The content of primary ferrite is affected by the welding heat input [70]. For high heat input, and consequently slow cooling rate, the solidification time is getting longer and thus the initial content of ferrite is high, however the duration of the transformation δ → γ is prolonged leading to a reduction of the primary ferrite content, caused by increased formation of austenite [24]. The opposite occurs when the heat input is lower and cooling rate higher, as clearly shown in [73] where it was observed that the primary ferrite content in the FZ increased with decreasing heat input.
However, if cooling rate exceeds a limit value, the FA mode could be completely cancelled out and the austenitic molten pool could solidify as primary austenite, instead of as primary ferrite [74].

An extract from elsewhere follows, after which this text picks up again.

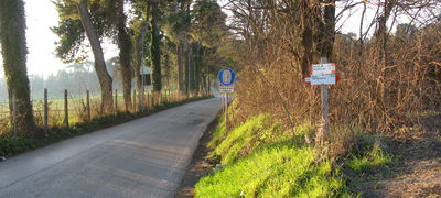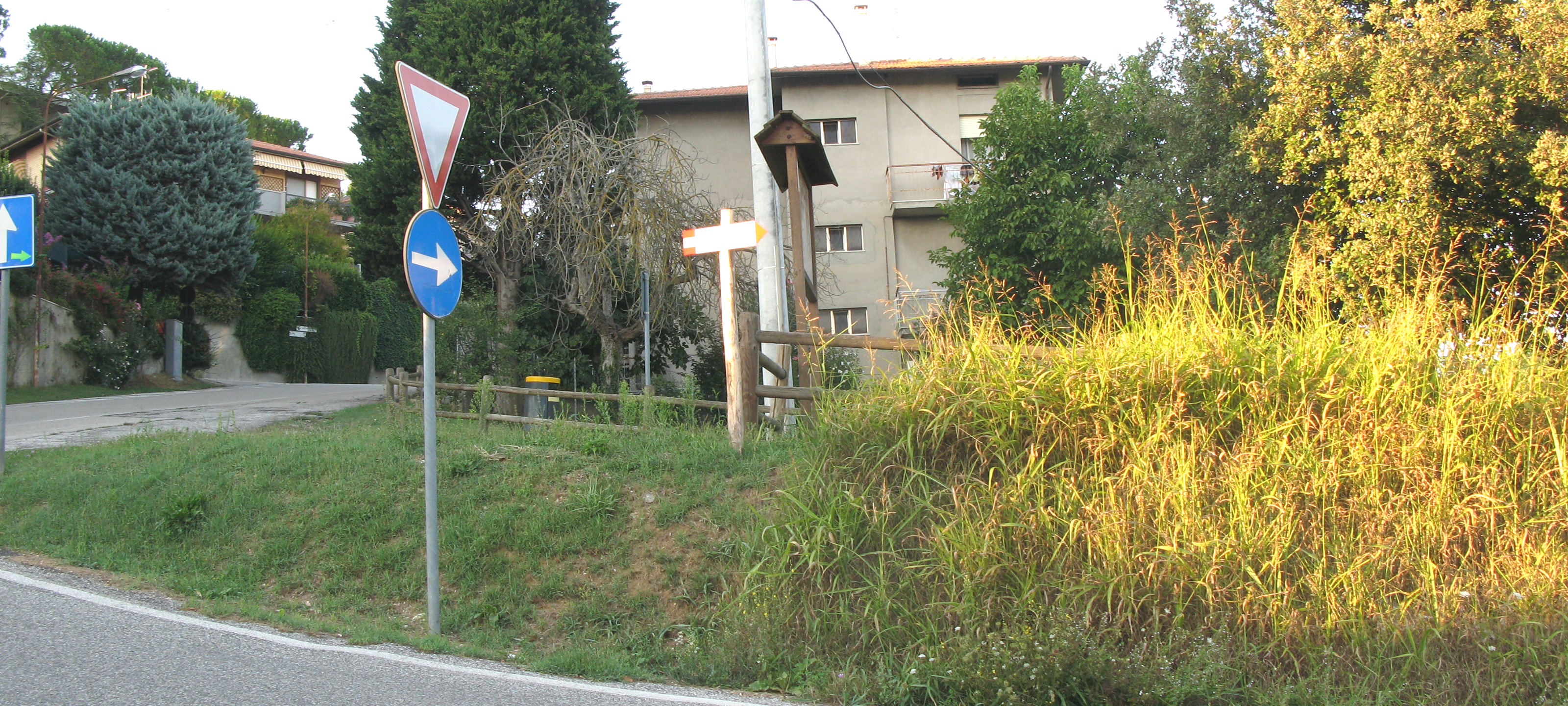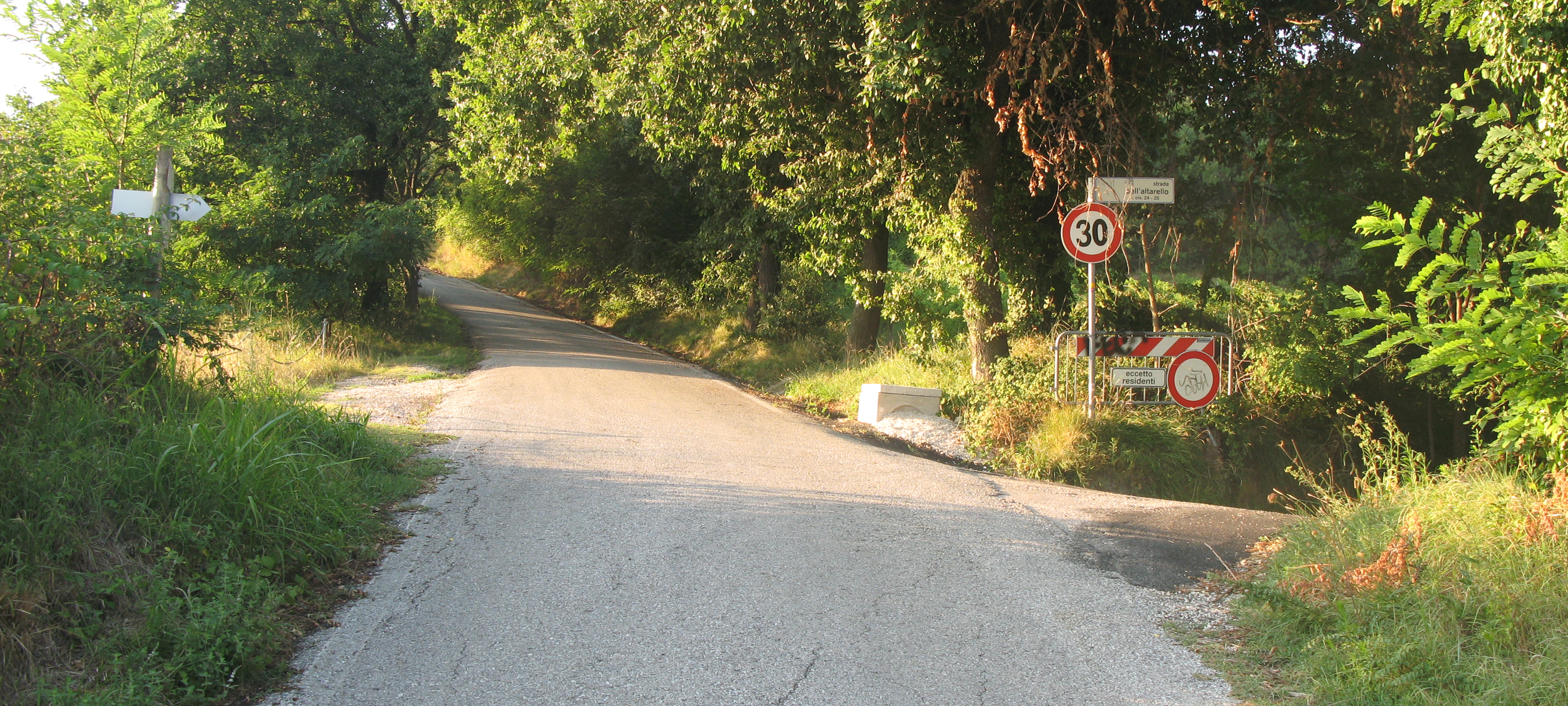 Si tratta di una strada asfaltata che parte per l’appunto da Cattabrighe, denominata via dell’Altarello, che sale subito con pendenze importanti verso il parco, lasciandosi alle spalle le ultime case della frazione ed attraversando una valle caratterizzata da un bel paesaggio rurale.

Regarding the morphological aspects, the ratio between the temperature gradient (G) and solidification rate (R) represents a useful parameter. The G/R value is high close to the fusion line, where the solidification is planar / cellular, while decreases approaching the weld centerline where an equiaxed microstructure occurs under a sufficient undercooling [75]. The presence of alloying elements favors the formation of the dendritic morphology, as shown for three representative metals in Figure 9, taken from [67]. Note that X65C carbon steel, being low in alloying elements, undergoes planar solidification over a wide range of G/R values.

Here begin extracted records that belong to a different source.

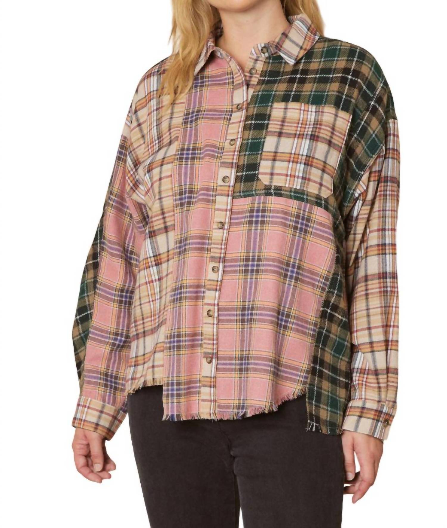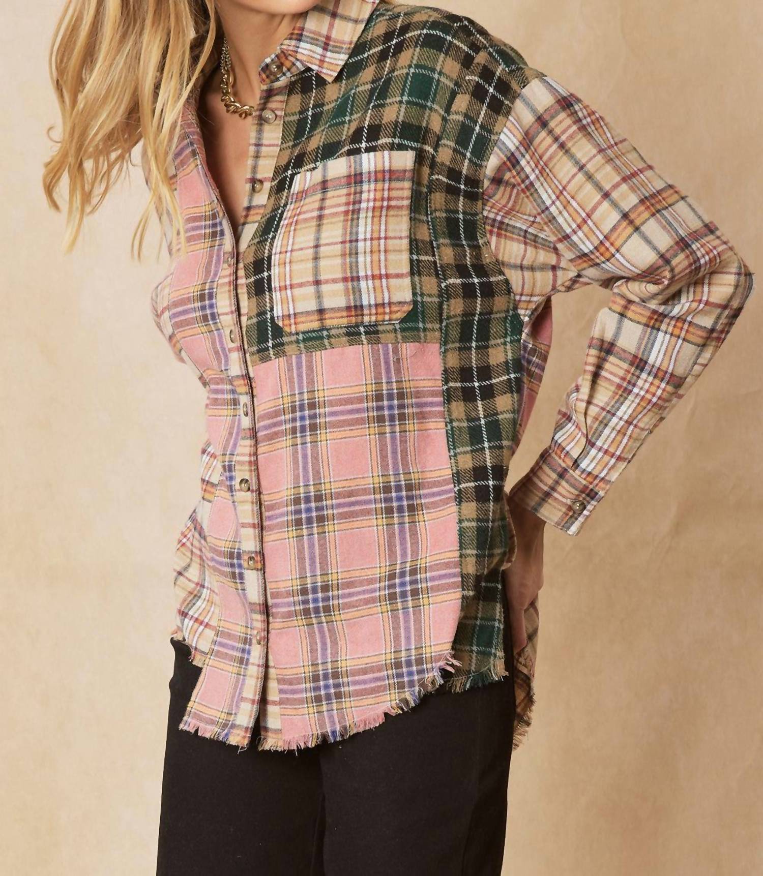 This top features a classic collar. Button-down front. Long sleeves. One chest pocket. Side slits. Raw asymmetrical hemline. High-low silhouette. Small Bust 46" Length 29". Medium Bust 48" Length 29". Large Bust 50" Length 29". XL Bust 52" Length 30". 1X Bust 54" Length 30". 2X Bust 56" Length 30". 67% Polyester 33% Cotton. Color Taupe Multi. No stretch. Hand wash or dry clean.
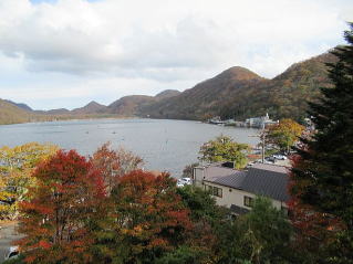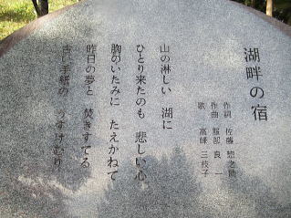 三連休のモミジ狩りで賑わう湖畔の宿公園をスタート、メンバーはほとんどが高峰三枝子を知っている年代です。
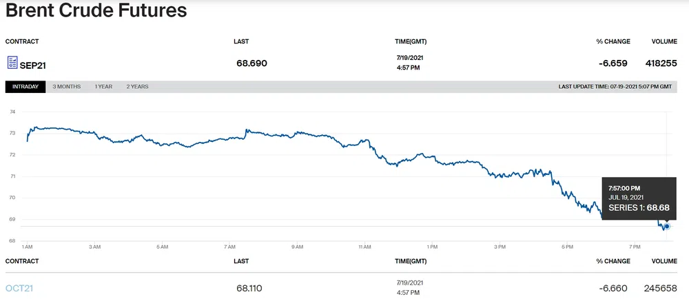 Цена нефти марки Brent 19 июля впервые с 1 июня опустилась ниже 70 долларов за баррель. Это следует из данных торгов на бирже ICE.
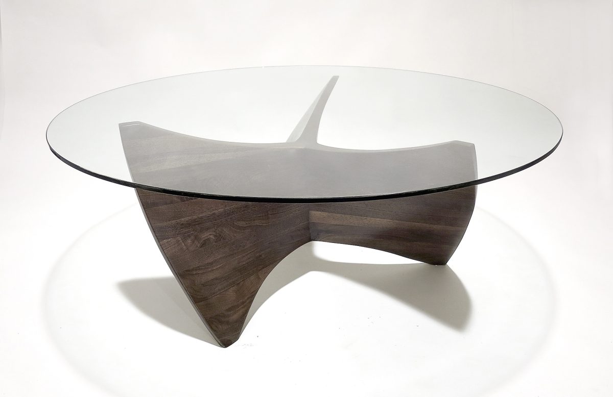 A sleek circle of glass was perched on a sinuous wood base that looked like a weathered, waxed whale vertebra, and the juxtaposition made for a piece that was as much sculpture as furniture. (www.aaronscottdesign.com )

For an in-depth microstructural study of a carbon steel / austenitic steel weld, see the reference [28] already cited in the arc welding section. In this article, the authors published an optical micrography of the weld cross section, which shows that on the carbon steel side the original bainitic microstructure becomes martensitic in the HAZ, followed on the weld side by a narrow layer of martensite, then by a fully austenitic zone and finally by the typical microstructure of the austenitic stainless steel with 18% of Cr and 9% of Ni, characterized by a γ matrix with residual ferrite (Figure 10a). These observations are confirmed by the composition profiles of Fe, Ni and Cr, obtained with EDS measurements and showed in Figure 10b: starting from the HAZ, first the profiles are flat, then sharp gradients of the alloying elements characterize the transition towards the homogeneous mixing in the molten pool, which the author determined in proportion of 20% base metal and 80% filler metal.
In this regard, starting from the fusion line, Mas et al. [28] documented the following sequence of solidification: cellular A mode (γ1), cellular AF mode (γ1, δ), dendritic FA mode (δ1, γ2, γ2) with evidence of skeletal primary ferrite (Figure 11).
In general, welding speed has important effects on cooling rates as investigated in literature by finite elements methods [76], using a commercial software [77], or by a new analytical model experimentally fitted on the weld cross-section contour, which was presented in [78] and validated in [79]. It would be appropriate to find articles that specifically deal with the effects of welding speed on cooling rates in welds between dissimilar steels. Anyway, the simulations of thermal fields produced during LBW of two thick AISI 304L plates, with AWS 309L inserts as filler material, carried out in [63], can also provide useful indications for welding dissimilar ferritic / austenitic steels; in fact, although the cooling rates could influence the ferrite - austenite transformations, for the welding conditions considered, they do not reach values that affect the expected percentage of primary ferrite in the weld, according to the WRC 1992 diagram.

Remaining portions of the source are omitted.